A line-by-line input filter is needed for two main reasons:

  • We need to avoid transforming content inside multi-line strings.
  • Line-based frontends (the terminal and Qt console) decide whether another line is required based on attempting to compile the current buffer as Python code. So constructs like %magic commands, which aren't Python syntax, have to be intercepted as each line is entered.

We also need to do some transformations which are only possible with access to the interactive namespace, i.e. they must be done in the kernel. Examples include the autocall system (which lets you type exit to exit), macros, automagics (using magics without the % prefix) and aliases for shell commands (like ls). We refer to these as 'dynamic transformations'.

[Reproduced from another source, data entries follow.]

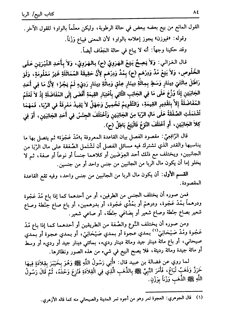 قال الرَّافِعِيّ: مقصود الفصل بيان القاعدة المعروفة بـ "مُدّ عَجْوَة" ثم يتصل بها ما يناسبها والقدر الذي تشترك فيه مسائل الفصل أن تَشْتَمل الصَّفقة على مال الرِّبَا من الجانبين، ويختلف مع ذلك أحد العِوَضَين أو كلاهما جنساً أو نوعاً أو صفة، ثم لا يخلو إما أن يكون مال الربا من الجانبين من جنس واحد أو من جنسين.
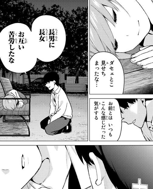 が、10分待っても風太郎は戻って来ず一花は意気地なしと怒り、そのまま眠ってしまいます。さらに5分経ちますが、風太郎は結局買わなきゃ済む話だと、何も買わずに一花のところに帰ってきます。待たせすぎて寝ている一花に、長男長女 お互い苦労したなと一花を見つめながら話しかけます。
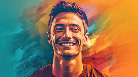 A diverse group of teenagers standing against a vibrant, multicolored background, expressing unity and youth. Perfect for concepts related to friendship, diversity, and modern fashion.

Finally, we need an extensible system that third parties can hook into without having to monkeypatch lots of our code.

Current situation

InputSplitter does line-by-line transformation (the name's a little confusing, as its primary role is no longer splitting input). It also handles cell magics, but the implementation feels somewhat awkward to me. For line-based frontends, inputsplitter is run twice: once by the frontend, and again by run_cell(), which is called with the raw, untransformed code.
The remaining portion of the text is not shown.